Apart from security — a life-and-death matter — it would seem that cyber spying, tracking by metadata, drone visuals and so on have not made the dead drop or the brush pass irrelevant. And it is still as important to know more than one language, to create informers in the target country, to become someone else entirely if the field ‘task’ so demands and even live a life distanced from the family. This is really not a spare bedroom job, even if it is conducted just on the computer. Clearly patriotism, ideology or religious fervour are not what they were, for these, apparently, were some of the reasons behind spying. Strange, because they are on violent display everywhere outside the imaginably hushed corridors of intelligence agencies. If it is just a job like any other, then it can have many competitors. Love of adventure and secrecy is now probably channelled into video games; why bother to leave the room and risk life and limb in reality for that?

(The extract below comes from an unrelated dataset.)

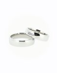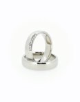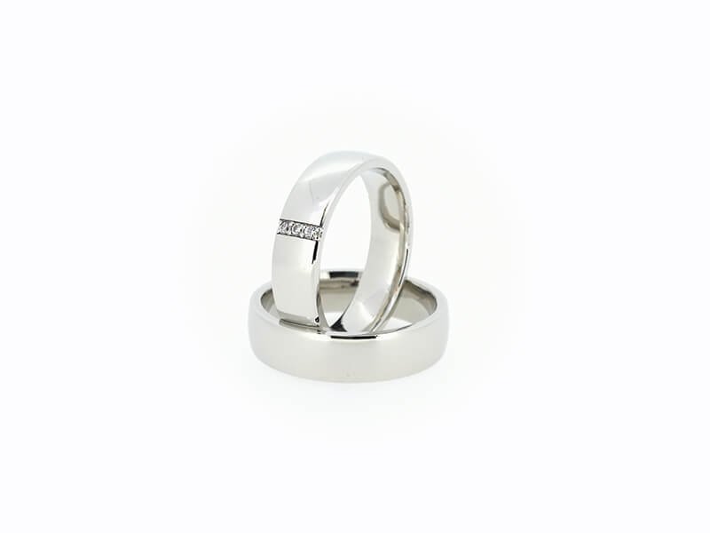 Pavyzdyje – balto blizgaus aukso žiedai su briliantais 0,045ct. RW VS. Lengvai gaubto profilio su gaubimu (confort-fit) viduje. Žiedų plotis 6mm. Žiedų svoris – 14,5gr.

Not that the home cannot offer similar joys — the husband and wife in True Lies offer enormous fun. But on screen. Films love spies, whether it is the incorrigible James Bond — hat tipped to Ian Fleming of course — or anything from North by Northwest to Enemy of the State and all beside. Beyond the sound and fury of film, George Smiley and his men have probably done more to arouse interest in spying, and even he, as unlike Bond as a character may be, cannot work from home. So is greater flexibility possible — or enough — to make the job more enticing? Ask Molly.